Acid Burns:

• Hydrofluoric acid: causes liquefactive necrosis and pain out of proportion to exam by the combination of fluoride ions to calcium ions resulting in hyperkalemia.
• Treatment: water then calcium gluconate gel 
• Phosphorous: found in fireworks and fertilizers. Associated with hypocalcemia, hyperphostphatemia, and sudden death
• Treatment includes immediate debridement, copious irrigation, saline soaked gauze or copper solutions, cardiac monitoring 
• Phenol burns:
• Treat with polyethylene glycol.

Electrical Burns:

• Typically treat with fasciotomy, carpal tunnel release, and guyon’s canal release as risk of compartment syndrome is high. Escharotomy is not effective in these cases – need fasciotomy.
• Severity of injury is proportional to the cross-sectional area of tissue able to carry current (most severe injuries are seen in smallest areas like the wrist and ankle). Highest level of resistance is in cortical bone; lowest in muscle. (cortical > cancellous > fat > tendon > skin > muscle > vessel > nerve)
• “high voltage” is anything >1000V and can cause arcing, wide tissue destruction, and fractures

Frost Bite:

• Occurs by formation of ice crystals in the intracellular and extracellular spaces
• Mechanism: Extracellular crystals form and osmotic pressure increases. Water leaves cells leading to intracellular dehydration and eventual cell death.
• Treatment of frost bite includes rapid rewarming in water at temperature of 104F or 40C (do not use radiant heat!) followed by consideration of intra-arterial thrombolytic therapy (after angiography).
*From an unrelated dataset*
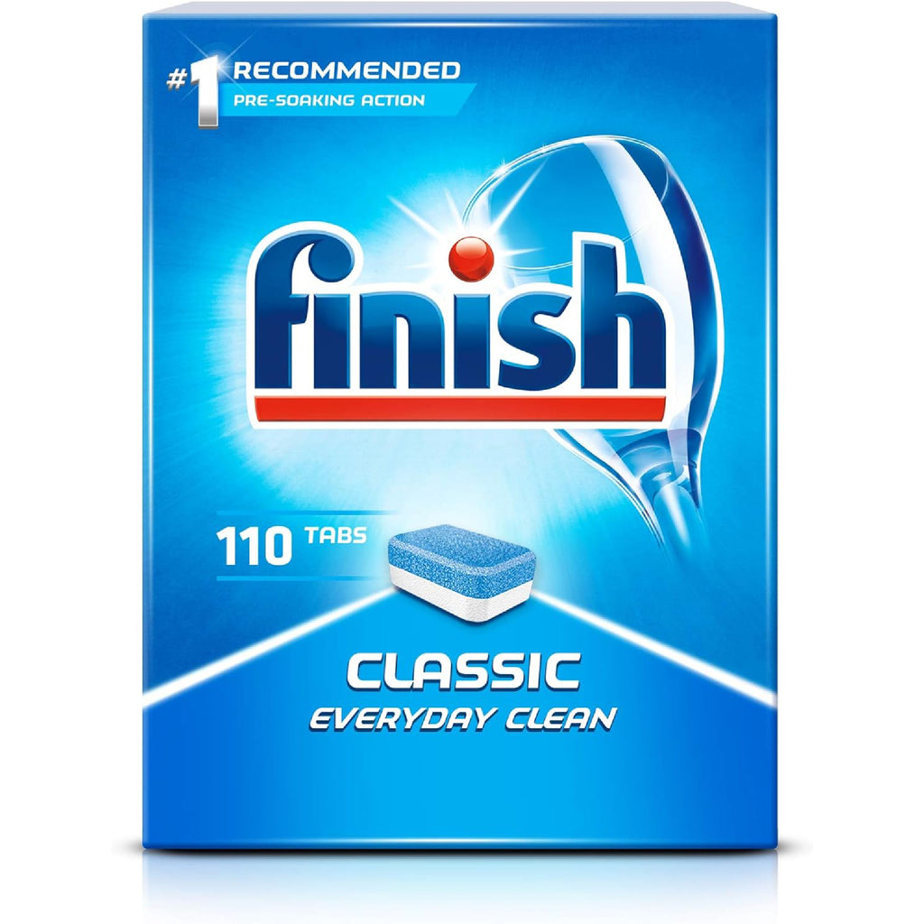 Finish classic dishwasher tablets contain active soft material that even soak toughest dirt, so they can be easily washed away. The powerful cleaner removes all kinds of food waste and ensures a shiny clean result. It is powerful cleaning and pre-soaking action. 100 percent so they keep their sparkling shine for longer and are protected wash after wash. For best results in short cycles, place finish all-in-one tablet on the floor of your dishwasher next to the filter. Available in 110 tablets. Directions: Unwrap one tablet and place into the dispenser for best results. If the tablet does not fit, consult the dishwasher manufacturer or manual for advice. Use Finish Salt and Finish Rinse Aid. Suitable for septic tanks. Usage Instructions: 1) Remove foods scraps and scrape plates and dishes. 2) Load dishes with soiled surfaces facing water spray. 3) Unwrap one tablet and place in the dry dispenser. For short cycles (30 minutes), If it does not fit in the dispenser or does not dissolve properly place in the bottom of the dishwasher. For a fisher & paykel dishdrawerÂ, place tablet in an empty section of the cutlery basket. 4) For best performance, use the "normal" wash cycle or a specialist tablet wash cycle. Suitable for most septic tanks, however refer to manufacturer of your waste water treatment system for septic advice. Finish Rinse Aid is recommended for best drying and shine results.
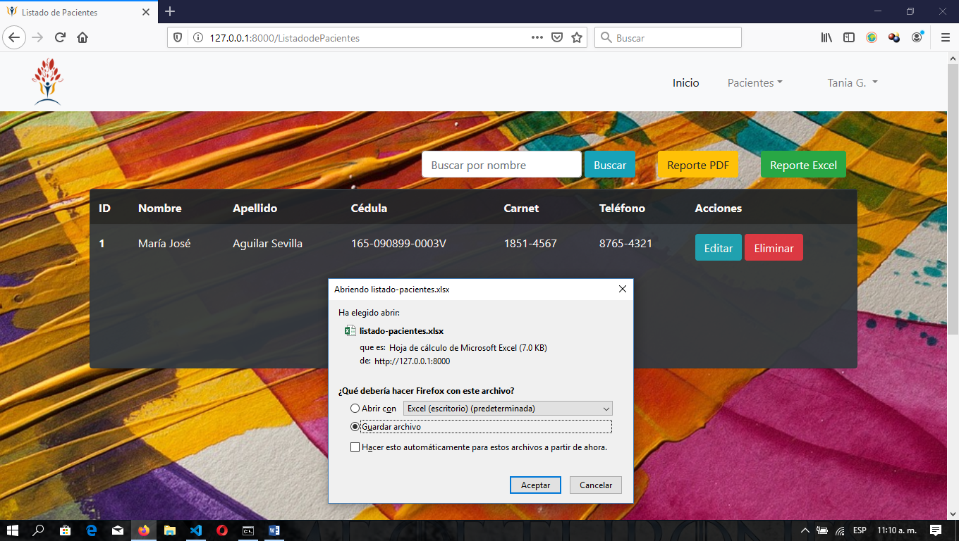 Ilustración 8. Reporte Excel de pacientes.

This can significantly decrease rate of amputation if administered within 24 hours of onset of frostbite.
• May additionally treat with NSAIDS for anti-prostaglandin activity as this inhibits thromboxane and decreases secondary tissue damage.
• Technetium-99 triple phase bone scanning can accurately estimate level of amputation (not therapeutic) and is completed within first few days of injury.

Burn Physiology:

• Hemodynamic changes after a burn (from hypovolemia) include decreased cardiac output, decreased peripheral blood flow, decreased urine output, and increased systemic vascular resistance.
• Burns impair both humoral and cellular immunity by depressing levels of circulating immunoglobulins, upregulation of integrins and cytokines TNF-a and IL1, IL 8, decreased B lymphocytes, NK cells, T helper cells, and increased number of T suppressor lymphocytes.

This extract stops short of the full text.